- REQUIRED ACTION
Exercise in exact copying: restate word for word only the lines below from the one containing "广西一水牛发狂撞倒女子街头乱窜,警方围堵击毙。" through the one containing "Artistically drawn, luminous", omitting any pictures.

- DATA LISTING
····················

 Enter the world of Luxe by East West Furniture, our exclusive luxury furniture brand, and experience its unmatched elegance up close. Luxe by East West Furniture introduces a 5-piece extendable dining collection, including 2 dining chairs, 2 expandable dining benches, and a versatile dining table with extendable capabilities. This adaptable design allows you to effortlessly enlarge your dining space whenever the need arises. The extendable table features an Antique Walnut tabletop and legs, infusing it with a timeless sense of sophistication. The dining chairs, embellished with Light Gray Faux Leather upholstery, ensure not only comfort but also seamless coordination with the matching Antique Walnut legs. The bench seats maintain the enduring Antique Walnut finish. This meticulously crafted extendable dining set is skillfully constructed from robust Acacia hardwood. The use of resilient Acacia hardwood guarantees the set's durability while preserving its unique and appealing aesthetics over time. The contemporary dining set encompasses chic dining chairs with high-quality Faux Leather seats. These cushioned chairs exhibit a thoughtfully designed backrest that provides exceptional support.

····················

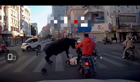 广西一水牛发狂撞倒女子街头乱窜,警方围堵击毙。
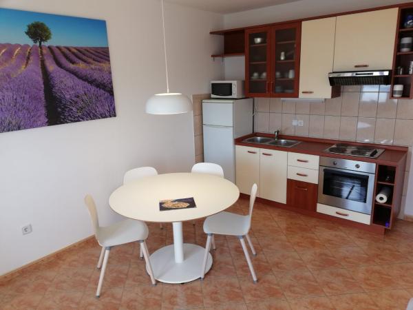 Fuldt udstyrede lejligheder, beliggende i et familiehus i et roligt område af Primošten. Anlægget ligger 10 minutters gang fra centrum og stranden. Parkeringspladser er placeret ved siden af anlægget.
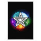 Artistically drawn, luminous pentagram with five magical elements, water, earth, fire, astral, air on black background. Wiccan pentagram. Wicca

····················

- TASK OUTPUT
 广西一水牛发狂撞倒女子街头乱窜,警方围堵击毙。
 Fuldt udstyrede lejligheder, beliggende i et familiehus i et roligt område af Primošten. Anlægget ligger 10 minutters gang fra centrum og stranden. Parkeringspladser er placeret ved siden af anlægget.
 Artistically drawn, luminous pentagram with five magical elements, water, earth, fire, astral, air on black background. Wiccan pentagram. Wicca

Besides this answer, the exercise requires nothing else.